From the outset, I knew that reading In Caddis Wood by Mary François Rockcastle (who is the director of the creative writing programs at Hamline) was going to be a very adult experience. Not like going to a pornographic theater, or voting in a seminal election as a well-informed citizen of these United States; rather, I was going to encounter some honest-to-God adult themes, which, as it turns out, include psychological adultery, forgiveness, tragedy, and spousal neglect.
After all, In Caddis Wood (forthcoming this September from Graywolf Press) is about a sturdy marriage, the couple wealthy in both money and family, shaken by discovery and later tempered by devotion. This adults-only experience may have been more than I bargained for, however, confused and panicked by the revelation (shouldn’t I be over this?) that life isn’t fair. Well-written and stylistically sound (despite the irritating overuse of “russet” to describe the color of things), In Caddis Wood is a quick but heavy read.
The novel explores the marriage between Carl and Hallie Fens. Carl, a successful architect haunted by the ghost of his philandering father has spent much of his life focused on work and providing for his family rather than spending time with them while Hallie, a poet and teacher, anguished by the abandonment at an early age of her mother, forewent her creative work for much of her life choosing instead to be there for her children. Each chapter aligns the reader with either Carl or Hallie, a method that should draw the reader in to the middle of a husband/wife sandwich, but that I found to be dizzying, causing me to hold both narrators at arms length so I could get a better view of exactly what was happening.

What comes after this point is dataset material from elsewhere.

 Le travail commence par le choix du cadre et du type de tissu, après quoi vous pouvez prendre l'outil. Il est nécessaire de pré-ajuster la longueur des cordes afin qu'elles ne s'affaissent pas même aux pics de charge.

There is a mess of things going on in this book. On top of Carl’s discovery that Hallie had an emotional affair with a man named Eugene years and years previous, during a rather rocky spot in their marriage, and later the family’s discovery that Carl is dying; in addition to recounting the death of a son-in-law, and the near-fatal accident which lead to a daughter’s crooked face; along with the sad letters left behind from the house in Caddis Wood’s previous owner and the bleak flashbacks of depressing parental encounters; the natural world around Caddis Wood, and in Minnesota at Pig’s Eye dump are all mucked up and deteriorating. The novel is a veritable hotbed of sadness, fuelled by tears rarely alleviated by the hope that things will be okay. Rather, we’re given the knowledge that life will just plod along leaving in its wake nothing but painful lessons and memories of a time when anything could have been. This is the adult part of the book.
Toward the end of the novel, when Carl is dying, and Hallie is changing his bedclothes and feeding him, all the while feeling both pain and perhaps happiness at her coming creative freedom (finally), I couldn’t help but find myself full of anger for Hallie, and how unfair it seems for her to make such a hefty amends for such an understandable wrongdoing. Then, in the midst of my heated fit about how unfair it all seems it dawned on me that the book isn’t really about their marriage. It’s about nature, and how it is impossible to control. Human nature, the natural world, these things are chaos, mediated only slightly by the nurturing we receive. “For a moment she watched useless, beating wings, marveling at the insects’ ignorance and tenacity, unable to figure out a way in or a way out—until she turns the light off and the struggle ceases. There is no stopping it, she tells herself.” In Caddis Wood nature has its plans, and hope arises mainly in those brief moments when those plans chance to intersect with ours.